Python SDK

SDK Overview

The Dagy SDK is a Python library for defining, building, deploying, and running data pipelines. It provides a decorator-based API for defining flows and tasks, local execution for development, and packaging tools for cloud deployment.

Installation

pip install dagy

Or with uv:

uv add dagy

Core Concepts

Tasks

A task is the smallest unit of work in Dagy. It wraps a Python function and adds orchestration capabilities like retries, timeouts, and lifecycle hooks.

from dagy import task

@task(retries=3, timeout_seconds=60)
def extract_data(source_url: str) -> dict:
    """Fetch data from a source."""
    import httpx
    response = httpx.get(source_url)
    return response.json()

Flows

A flow is a directed acyclic graph (DAG) of tasks. It defines the execution order and data flow between tasks. Flows are defined as Python functions that call tasks.

from dagy import flow

@flow(name="etl_pipeline", version="1.0.0")
def etl_pipeline(source_url: str, destination: str):
    """Extract, transform, and load data."""
    raw = extract_data(source_url)
    cleaned = transform_data(raw)
    load_data(cleaned, destination)

Task Outputs

When a task is called within a flow context, it returns a TaskOutput object instead of the actual value. TaskOutputs track dependencies between tasks and enable the DAG to be constructed.

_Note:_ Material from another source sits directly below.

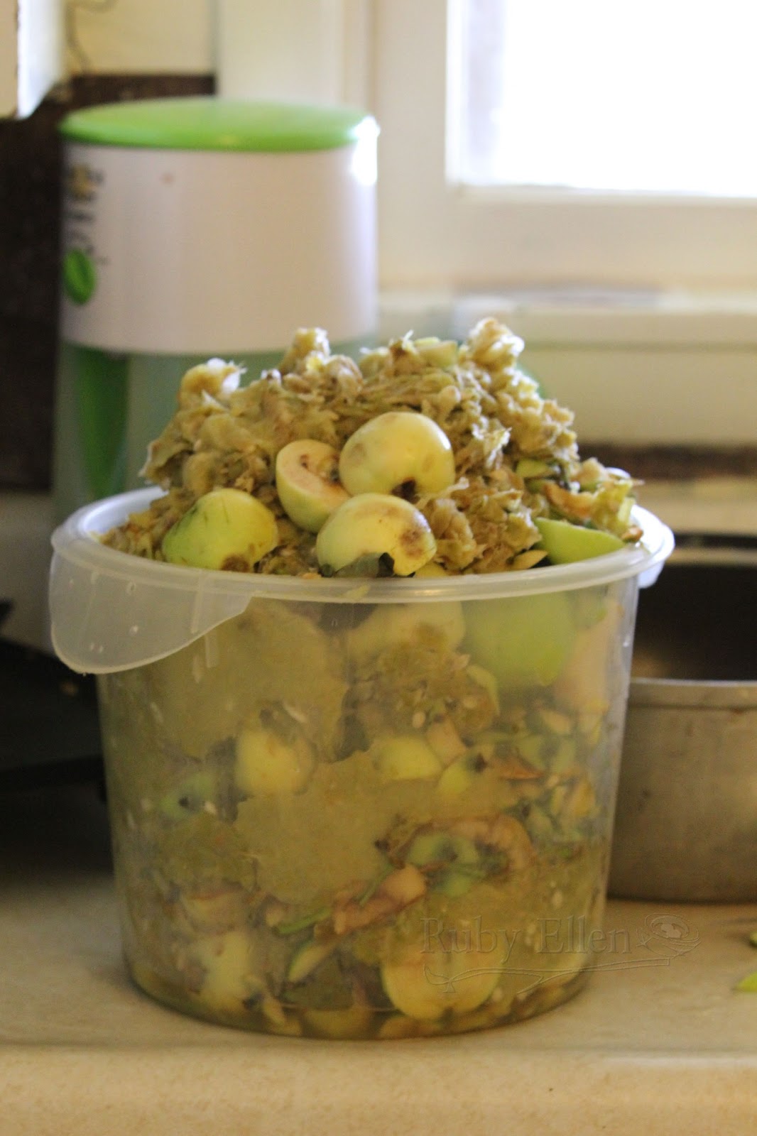 Even the "waste" is pretty to look at with the shades of green and brown and red. This also makes great compost for the garden!

result = extract_data(source_url)  # Returns TaskOutput, not dict
transform_data(result)  # Creates dependency edge

Key Exports

The SDK exports these primary symbols:

from dagy import (
    # Decorators
    flow,           # Define a flow (DAG)
    task,           # Define a task (node)

    # Core Classes
    Flow,           # Flow class
    Task,           # Task class
    FlowSpec,       # Serialized DAG specification
    TaskOutput,     # Task output reference

    # Runtime
    RunContext,      # Runtime context (name, attempt, parameters)
    Hook,           # Lifecycle hook base class
    State,          # Task/flow state
    running,        # Running state factory
    completed,      # Completed state factory
    failed,         # Failed state factory

    # Deployment
    DagyClient,     # API client
    build_artifact, # Package flow as ZIP
    deploy_artifact,# Upload to S3 + register
    LocalArtifact,  # Local artifact for testing

    # Data Models
    Deployment,     # Deployment metadata
    Executor,       # Executor configuration
    Run,            # Run metadata
)

Workflow

1. Define

Create tasks and flows using decorators:

from dagy import flow, task

@task(retries=2, retry_delay_seconds=5)
def fetch(url: str) -> str:
    import httpx
    return httpx.get(url).text

@task(timeout_seconds=30)
def parse(html: str) -> dict:
    return {"title": html[:50], "length": len(html)}

@flow(name="web_scraper", version="1.0.0")
def web_scraper(url: str):
    html = fetch(url)
    return parse(html)

2. Test Locally

Use run_local() for development and testing:

result = web_scraper.run_local(url="https://example.com")
print(result)

3. Build

Package the flow and its dependencies into a ZIP artifact:

from dagy import build_artifact
artifact = build_artifact(web_scraper)

Or via CLI:

dagy build my_flows.py

4. Deploy

Use flow.deploy() to build, upload, and register in one call. Dagy automatically skips the deploy if the code hasn't changed (based on code_hash). Pass force=True to override:

result = web_scraper.deploy(name="web-scraper")
if result.skipped:
    print("No changes detected, deploy skipped")
else:
    print(result.deployment_name, result.flow_version)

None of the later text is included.